Julian Klymochko: Yeah, we’re not shy about introducing investors and advising them to incorporate perhaps some alternatives, long, short equity, et cetera, as you indicated in portfolios, they can not only mitigate the downside risk and volatility, but introduce alternative return streams into a portfolio, which can certainly help meet client goals and mitigate that volatility when times get rough as they did in Q-1, you know, having those short positions and those hedge fund positions in portfolios certainly helped quite a bit assuming that they were, you know, true hedge funds. These days certainly are not, but with that being said, looking forward, what excites you the most in wealth management?
Shawnalynn Perron: Oh, I, you know, I think I have to come back to why I even got involved in the business in the first place. I think for me really what it comes down to is what I saw. I sort of saw this, like this need for education. And there was this discomfort when it came to investing and understanding your investment portfolio. And really, so for me, it’s the educational piece. How can we create knowledge and confidence and to help clients navigate through this? I think for me seeing a client come into that kind of confidence level of understanding what their portfolio is doing, understanding what they’re invested in and understanding what they can get out of it. You know, is probably the most rewarding. So, to me, that’s exciting. To me, this world is changing too, which is exciting. So, you know, I’m excited to see what kind of innovation comes out of it, for sure. And I’m, you know, I’m hoping to be a part of that too. And there’s a few little projects on the side going on, but, you know, it’s an interesting world. People are still going to need to save and invest their money and plan for retirement and plan for a wealth transition to either the next generation or to whomever there, you know, estate beneficiaries are. And for me, I think from a very high-level perspective, you know, where do we see this country even, you know, going forward? And if we can kind of maintain and grow that wealth that we’ve created already through various industries across the country, and, you know, pass it onto the next generations to encourage entrepreneurship and to encourage innovation and to encourage, you know, new investment and maybe different sectors that would be, what would be exciting for me. So, wealth management has so many different aspects to it, and I probably went a little off target there, but I’d love to see, you know, more commitment to entrepreneurship and innovation in this country. And I think the wealth sitting in various places across this country can do so.

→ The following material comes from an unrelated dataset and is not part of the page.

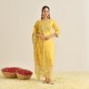 This traditional and elegant kurta set for women is designed to make a statement with its understated style, as they say, less is more! Combined with the dupatta and the gota work, it exemplifies classic beauty. If you want something classy but relaxed for a casual get together during the evening hours, it simply can’t get any better than this. Moreover, you have a natural, breathable material that ensures all-round comfort and sustainability. You can easily pair this up with ethenic jewellery to capture those stealing glances.

Julian Klymochko: Yeah, it appears that there’s so many, so much uncertainty out there, and so many different ways that the economy and markets can go. On one side, you look at where long-term treasury yields are. They’re saying perhaps at deflationary environment. More so if you look to Europe and Japan, I mean, the investors thinking the US and Canada are heading that way. Then on the flip side of the coin, you know, dramatic amounts of money printing, monetary stimulus, fiscal stimulus, and order of north of $10 trillion dollars. And so, there’s this interesting dichotomy on where things are going, that are really opposing forces. So, Shawna, if I were to put you on the spot here, and you can only hold one investment for the next 10 years, what would it be for you? What would your pick be?
Shawnalynn Perron: I would pick, well, given my age group too, and how many more years I have to invest and save. I would pick global growth equity.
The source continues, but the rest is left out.